### Activity:
Beginning with the line that contains "the speaker anywhere.", transcribe the rest of the listing below exactly, including its last line, and exclude any pictures.

### Supplied entries:
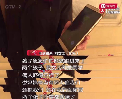 电话联系刘女士(化名):孩子急急忙忙的就跑进来了,两个孩子,我女儿和她同学,俩人吓得不行了,说妈妈快点有坏人追我们,还抱我们,还在我后面尿尿,两个孩子吓得都哆嗦了。
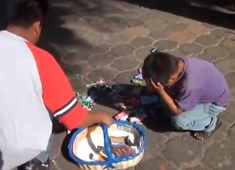 Dečak, pripadnika meksičkih Indijanaca plemena Tzotzil, kako video pokazuje, neutešno plače dok mu inspektor iz korpe vadi cigarete i tera ga da baci slatkiše na ulicu.
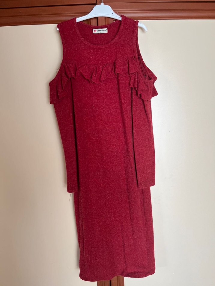 Omuz dekolteli yünlü gibi ama çok kalın değil esnek elbise. Boydan foto yok ama olduğum kadarıyla koydum. Vucuda oturan bi yapsısı var. Diger ğrğnlerimden alırsanız toplu alımda biraz daha indirim ıygularım Bordo renkli, uzun, bol kesim, kolsuz triko elbise. Yuvarlak yakalı ve fırfır detaylı, yumuşak ve sıcak kumaştan üretilmiştir. Rahat ve günlük kullanıma uygundur.
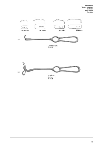 Wundhaken Wound retractors Ecarteurs Separadores Retrattori 20 x 8 30 x 14 30 x 10 40 x 10 55-1934-20 55-1934-2 55-1934-1 55-1934-4 2/3 LANGENBECK 22,0 cm 2/3 SCHäFER 23,0 cm 55-1935 195
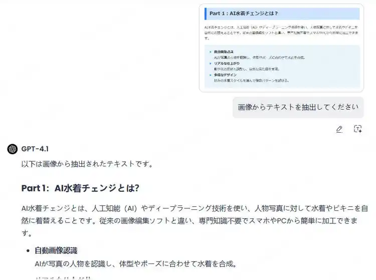 文字抽出(OCR):画像内のテキストを読み取り、コピー&編集できる形式に変換。 |
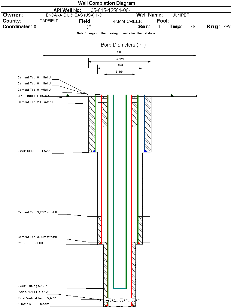 | Wellbore Completed | | Completion Date: | 10/23/2006 | | Spud Date: | 10/1/2006 | Spud Date Is: | ACTUAL | | Measured TD: | 5657 ft. | Measured PB depth: | 5618 ft. | | True Vertical TD: | 5462 ft. | True Vertical PB depth: | | | Top PZ Location: | Sec:2 Twp: 7S 92W | Footage: 647 FSL 662 FEL | | Bottom Hole Location: | Sec:2 Twp: 7S 92W | Footage: 647 FSL 662 FEL | | Log Types: | RSAT/GR/CCL; CBL/PRESS/TEMP/GR/CCL; 2-CBL/GR/CCL; TEMP/GR/CCL | | Casing: | String Type: CONDUCTOR, Hole Size: 30 in., Size: 20 in., Top: 0 ft., Depth: 40 ft., Weight: 52.7 , Citings Type: ACTUAL | | Cement: | Sacks: 30, Top: 0 ft., Bottom: 40 ft., Determination Method: CALC | | Casing: | String Type: SURF, Hole Size: 12.25 in., Size: 9.625 in., Top: 0 ft., Depth: 1529 ft., Weight: 36 , Citings Type: ACTUAL | | Cement: | Sacks: 815, Top: 0 ft., Bottom: 1529 ft., Determination Method: CALC | | Casing: | String Type: 1ST, Hole Size: 6.125 in., Size: 4.5 in., Top: 0 ft., Depth: 5655 ft., Weight: 11.6 , Citings Type: ACTUAL | | Cement: | Sacks: 240, Top: 3936 ft., Bottom: 5657 ft., Determination Method: CBL | | Casing: | String Type: S.C. 1.1, Hole Size: , Size: , Top: , Depth: 850 ft., Weight: , Citings Type: ACTUAL | | Cement: | Sacks: 59, Top: 200 ft., Bottom: 850 ft., Determination Method: CALC | | Casing: | String Type: S.C. 1.2, Hole Size: , Size: , Top: , Depth: 85 ft., Weight: , Citings Type: ACTUAL | | Cement: | Sacks: 149, Top: 0 ft., Bottom: 85 ft., Determination Method: CALC | | Casing: | String Type: 2ND, Hole Size: 8.75 in., Size: 7 in., Top: 0 ft., Depth: 3999 ft., Weight: 23 , Citings Type: ACTUAL | | Cement: | Sacks: 185, Top: 3250 ft., Bottom: 4000 ft., Determination Method: CALC | | Formation | Interval Top | Log Bottom | Cored | DSTs | | WASATCH | 0 ft. | 3336 ft. | N | N | | WILLIAMS FORK | 3337 ft. | | N | N |
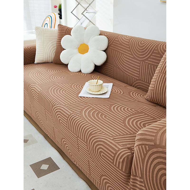 1 Piece Full Package Solid Color Bohemian Style Muxing Jacquard Sofa Cover Elastic Jacquard Sofa Cover Protecting The Sofa From Cat Claws Can Be Used All Year Round Equipped With Pillowcases
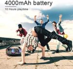 【Portable Bluetooth Speakers】-【Comfortable Carry and Long Time Play】 The A66 Bluetooth speaker has a built-in 4000 mAh rechargeable lithium battery, which can continuously play for 10 hours when fully charged. Enjoy music in your home, backyard, and party. Comfortable handles and removable shoulder strap, you can take the speaker anywhere.
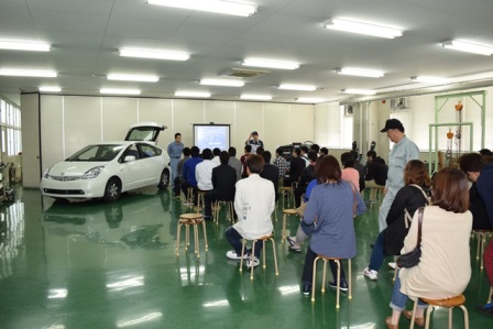 プリウス、リーフなどエコカーの展示・試乗、エンジンの分解やシャシー

### Result for this task:
 【Portable Bluetooth Speakers】-【Comfortable Carry and Long Time Play】 The A66 Bluetooth speaker has a built-in 4000 mAh rechargeable lithium battery, which can continuously play for 10 hours when fully charged. Enjoy music in your home, backyard, and party. Comfortable handles and removable shoulder strap, you can take the speaker anywhere.
 プリウス、リーフなどエコカーの展示・試乗、エンジンの分解やシャシー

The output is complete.